# just double checking



## nineballg (Jan 19, 2008)

hi everyone, i just want to be sure i'm doing things right.
i'm gonna build some broadband panels and i was just making sure that the fabric is ok.
will cotton/polyester work.
i know your supposed to be able to blow thru it.
just as an example, will jeans work?

i'm not gonna use jeans obviously, but i just wanted to be sure that jeans are too thick and not proper.
the reason i'm not sure is because i need you use some "fancy fabric" so it matches room decor.
alot of the fabrics with patterns/designs seem to be pretty thick.

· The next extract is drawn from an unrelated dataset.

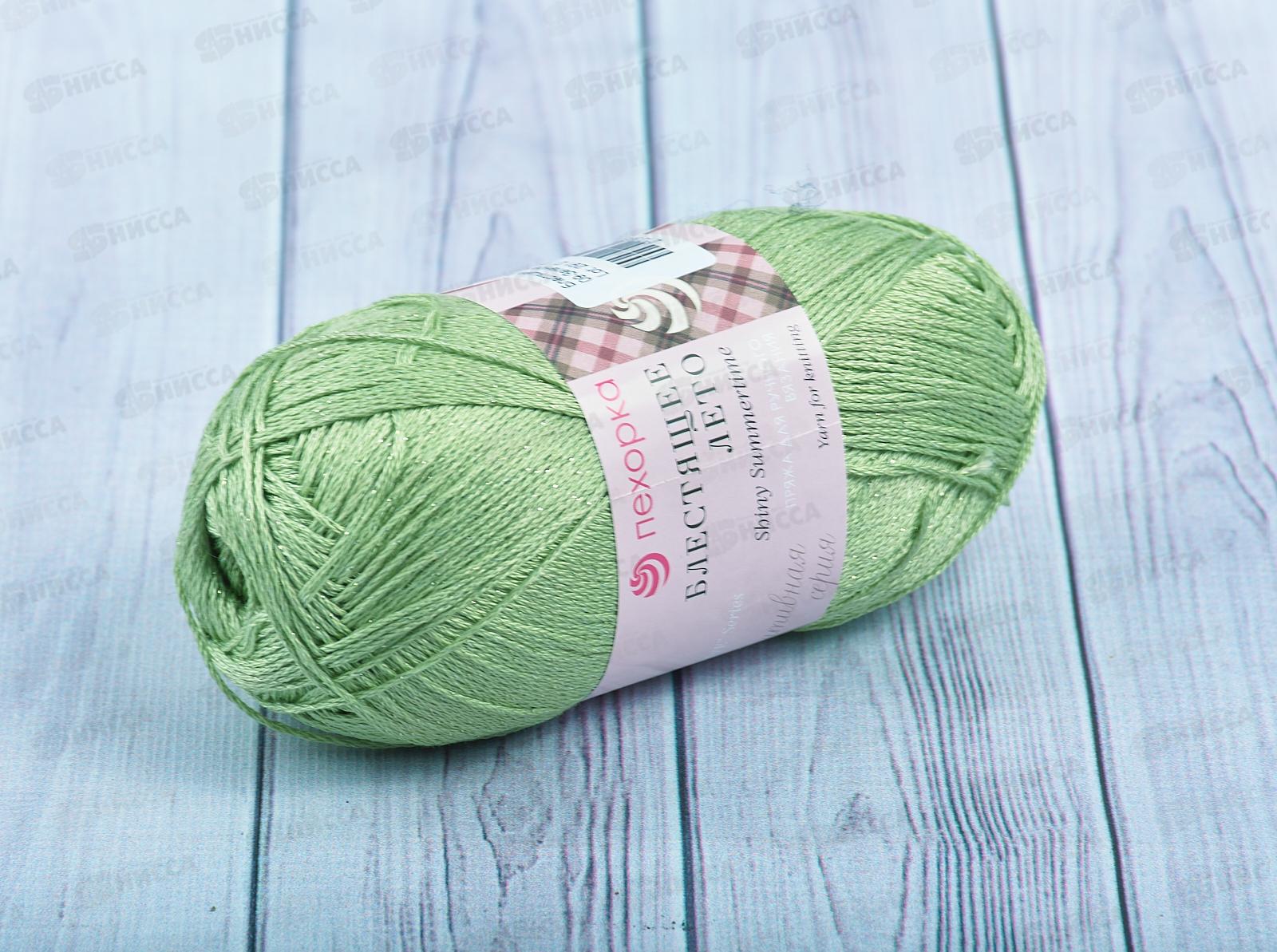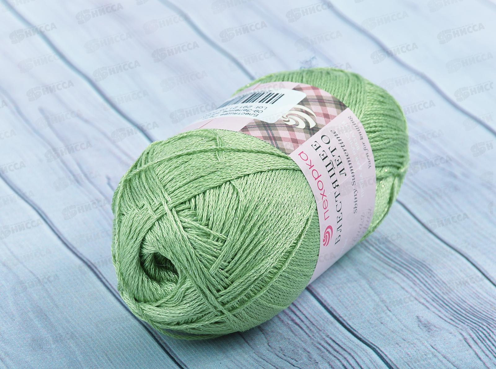 Пряжа Блестящее лето 09 Зеленое яблоко 100г хлопок95% метан5%
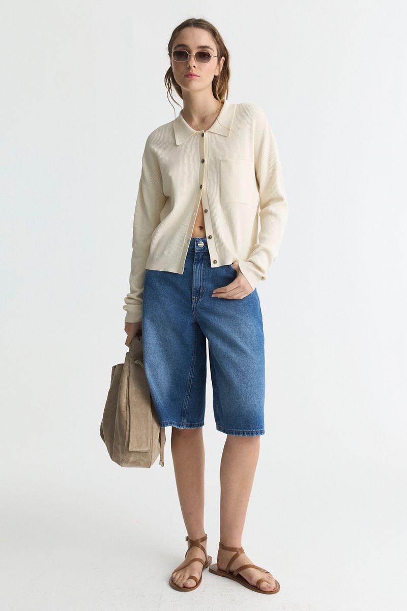 Bermuda de calce bien holgado hasta la rodilla y tiro medio. Realizado en denim rígido 100% algodón

please help me, i dont want to buy exspensive fabric, then build panels and have them reflect...what a nightmare that would be!!!!!

thanks


----------



## bpape (Sep 14, 2006)

It's not necessarily the thickness of the material, it's how porous it is. For instance, burlap is pretty thick but it's very open. You can see and blow through it very very easily. 

For the most part, cloths that are designed for upholstry aren't going to work terribly well as they'll reflect higher frequencies. The same properties that make them durable as a couch seat make them unsuitable for acoustical purposes.

SOME of the curtain materials can work but again, just make sure they're not too tight. There can be some resistance when you blow through them but if you're going to sprain a kidney, that's too tight.

Bryan


----------



## nineballg (Jan 19, 2008)

thanks bryan, when you say make sure there not too tight, i'm a little confused.
do you mean stretched to tight over the panel? 
thanks


----------



## glaufman (Nov 25, 2007)

I think he means too tight a weave.


----------



## bpape (Sep 14, 2006)

Yes. I was referring to the weave. That said, even some tighter weaves, if done with light enough material can still function OK without reflecting high frequencies.

This is why we just say give it the blow test. If you can blow through it relatively easily, it will likely work fine.

Bryan


----------



## glaufman (Nov 25, 2007)

When you d othe blow test, do you put the fabric right up to your lips? Or are you trying to blow through it fro a few inches away?


----------



## bpape (Sep 14, 2006)

Put it up tight so the air can only try to go through the cloth.

Bryan


----------